Yah I think he mentions a price for that heating machine and it's more than my brand new 12x36 lathe cost.
But we can dream ...right!!!


----------



## chips&more (Dec 24, 2017)

Well I guess I’m one of the outsiders that can say I do not have any problems with holding cutters in R8 collets. And I have been doing this for a very long time! I use a locking pin but not on purpose, it’s just there and I have not removed it. The pin can make a real mess of things if the collet/holder spins. Has not happened to me but I have seen the damage on holders and it’s ugly. I do not have a power draw bar. I just tighten by hand and not gorilla tight. I’m using the same draw bar for decades and the threads are still good. I do periodically clean the draw bar threads and collet threads. My collet set is Bridgeport. Most if not all of my cutters are USA. I can’t ever recall a cutter not staying put in the collet…Dave


----------



## kd4gij (Dec 24, 2017)

Sounds like a dull end mill.


----------



## 4GSR (Dec 24, 2017)

If the end flutes and or the corners of the end mill are slightly dull, this could add to the issue of it moving upward in the holder.  Also, I've had the quill move on me, even with the quill locked down.  Usually, the end mill at this point breaks off.


----------



## kd4gij (Dec 24, 2017)

Ken has a very good point. If you are lowering the quill and locking it down. Then the quill may be moving.


----------



## kvt (Dec 24, 2017)

I though of the quill moving after locking, so I even held onto things and watched gauge to see that it was not moving.   
begining to think it is the end mills causing the problem.
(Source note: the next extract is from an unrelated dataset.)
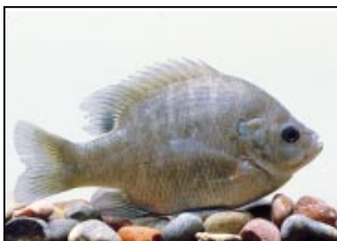
Figure 3. Bluegill make excellent continuous forage for bass.

Transferred fry are more uniform in size if individual schools are seined. All fry should be the same age, as nearly as possible, because fingerlings become cannibalistic at about 2 inches in length. There-
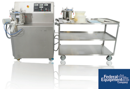
SKU: 3511-166 GEA Niro Pharma Systems High Shear Processor, Model PMA-1

Have no way to sharpen them At this point.   Am now thinking of trying to make a tool grinder setup at some point.   Anyone know where to get end mills and a low cost.    Ken


----------



## 4GSR (Dec 24, 2017)

kvt said:


> ..........................................  Anyone know where to get end mills and a low cost.    Ken


I'll be glad to help you out.  
I have a bunch that have been resharpen.  Be glad to send you a few.  PM me your address and I'll put them in the mail later this week.  I promise not to change my mind. Glad you got a mill.

Ken


----------



## kvt (Dec 24, 2017)

Ken Thanks,   PM sent


----------



## HBilly1022 (Dec 25, 2017)

4gsr said:


> I'll be glad to help you out.
> I have a bunch that have been resharpen.  Be glad to send you a few.  PM me your address and I'll put them in the mail later this week.  I promise not to change my mind. Glad you got a mill.
> 
> Ken



What a *generous *offer!!! This truly is the most friendly machining site on the web.


----------